By June 2000, the channel had claimed 1 million subscribers, still far from the long-term goal of achieving the 5.5 target. The channel launched in Africa that month, in Angola and Mozambique, while later eyeing for a launch in South Africa. The aim was to target Portuguese-speaking countries.

Starting from the 2000 edition, the Criança Esperança charity started collecting donations from viewers outside of Brazil, specifically from TV Globo Internacional subscribers.

No Limite, Globo's first reality show, was blocked from TV Globo Internacional due to rights issues and allegations that the network was copying Survivor (which Globo denied), and was trying to resolve the issue. The network did not disclose who was responsible for the negotiations.

The channel reached Australia on 6 December 2000 through an agreement with TARBS. It also negotiated with British, Dutch and French operators, with the aim to formally launch the channel in Europe by the first trimester of 2001.

Three years after launch, the channel already surpassed 200,000 subscribers, divided in three key areas Americas, Africa and Australia (also including New Zealand and East Timor). Programs were subject to constant repeats due to timezone issues. By early 2003, the number of subscribers in the three African countries where it was carried (Angola, Mozambique and South Africa) had surpassed the US figure: 50,000 in Africa against 43,000 in the United States alone.

The channel launched in Canada in 2003 after receiving a permit from the CRTC. In the United States, its carriage expanded to cable operators, as up until then, it was limited to satellite operators, under the grounds that the cable operators had more foothold in the market share.

In 2004, the channel signed a contract with Comcast, aiming to reach out to subscribers in Boston and Miami, cities with a strong Brazilian diaspora. The channel also launched in Mexico, after signing an agreement with Televisa, to carry the channel on its two subscription television operators, Sky and Cablevisión, to 150,000 households. Official data at the time said that the channel was available to 1.8 million households, for a total of seven million viewers.

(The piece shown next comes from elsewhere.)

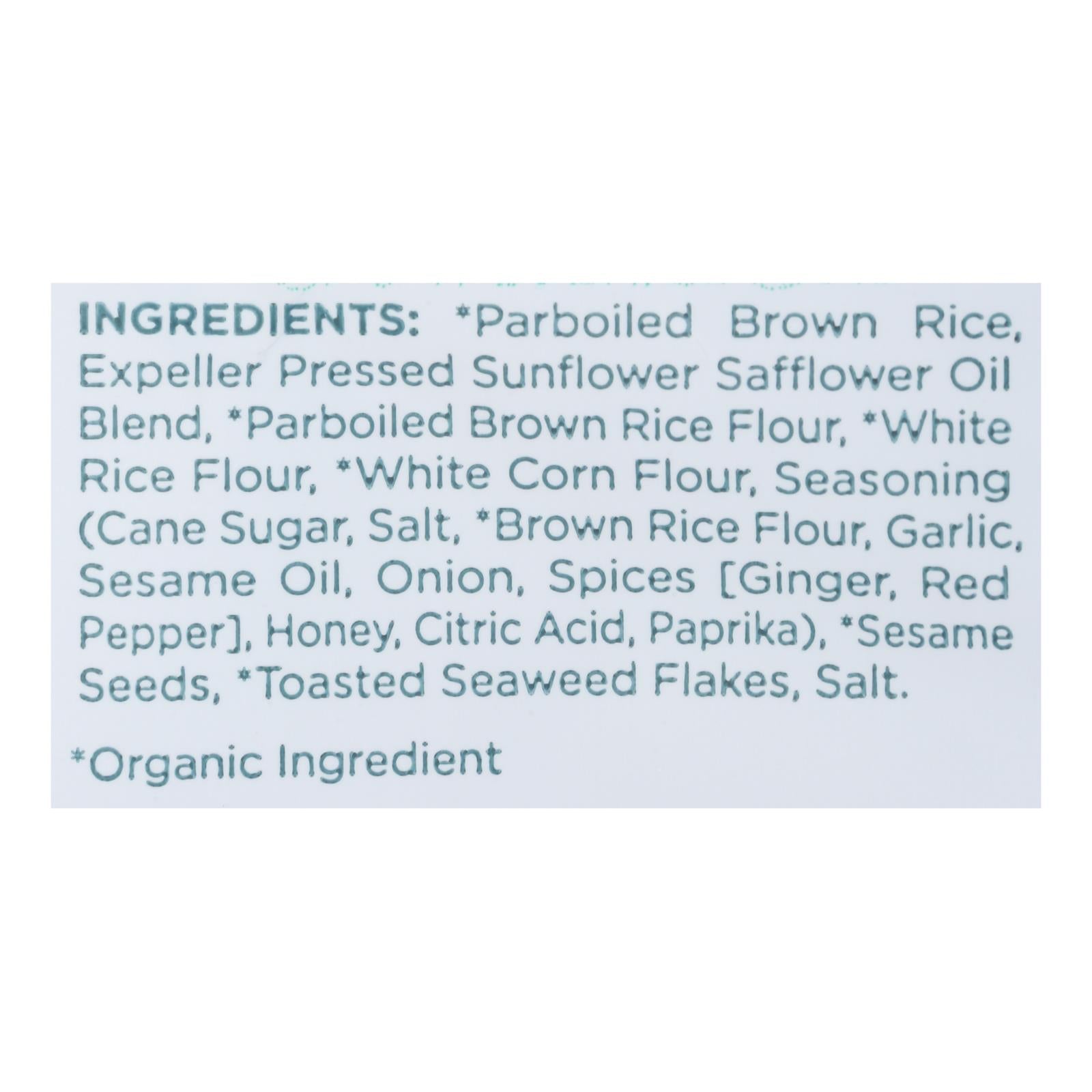 ingredients : rice flour (*brown rice flour, *white rice flour);sunflower oil;corn flour;navy bean;brown rice;seasoning (cane sugar, salt, rice flour, garlic powder, sesame oil, onion powder, ginger, red pepper, dried parsley, paprika, citric acid);chia seeds;pea protein;nori seaweed

In 2006, TV Globo Internacional's largest market was Angola, reaching close to 100,000 subscribers in the country alone, surpassing over 90,000 subscribers in the United States. The channel also built studios for local production in Angola, catering its African audience. Facing the closure of GNT in Portugal, as TV Globo Internacional was distributed to the rest of Europe by means of Hispasat, where TV Cabo's satellite package was located, TV Globo Internacional announced the launch of its own direct-to-home platform for Europe, starting March 15, 2006. The payment central was located in the United Kingdom, the operational base in Paris and the logistic center in Italy. The channel carried the 2006 FIFA World Cup in the United States thanks to a last-minute agreement days before the start of the competition. 56 out of the 64 matches were carried live. In the third round of the group phase, the eight remaining matches aired in 20-minute highlights.

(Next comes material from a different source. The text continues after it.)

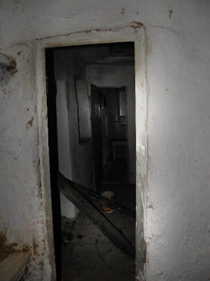 Αριστερά, υπήρχε ο τάφος του παπα-Τύχωνα, όπου ο Γέροντας είχε φυτέψει δενδρολίβανα για να μην πατιούνται. Μερικά σκαλοπάτια σε έναν μικρό κατήφορο οδηγούσαν σε ένα διάδρομο που βρισκόταν πριν από την είσοδο, μεταξύ του σπιτιού και ενός πεζούλιου. Οι άκρες του διαδρόμου ήταν κλειστές με πόρτες, προκειμένου να αποτρέπεται η κυκλοφορία του αέρα.

Broadcasts to Portugal resumed on 1 October 2007 with a separate service than the one to the rest of Europe in order to avoid conflicts with SIC, which had a contract to air some of its titles. In January 2009, the channel was added to iO in the New York metropolitan area.

Current version of TV Globo Internacional logo, in use since 2008

On 11 November 2012, a Portuguese version of Globo was launched.

On 31 December 2021, Globo Internacional closed in Europe in favor of the expansion of Globoplay in the region, the linear channel continues only on Globoplay and in Portugal.

==Programming==
TV Globo Internacional offers more than four thousand hours of programming a day, including soap operas, series, miniseries, music, comedy, documentaries, news and live soccer. The channel's signal comes from Globo's playouts in Rio de Janeiro and São Paulo, and transmitted via satellite to the different international distributors. Access to the channel takes place through local cable or satellite operators. They are currently available in more than 105 countries on four continents: Africa, Americas, Asia and Oceania.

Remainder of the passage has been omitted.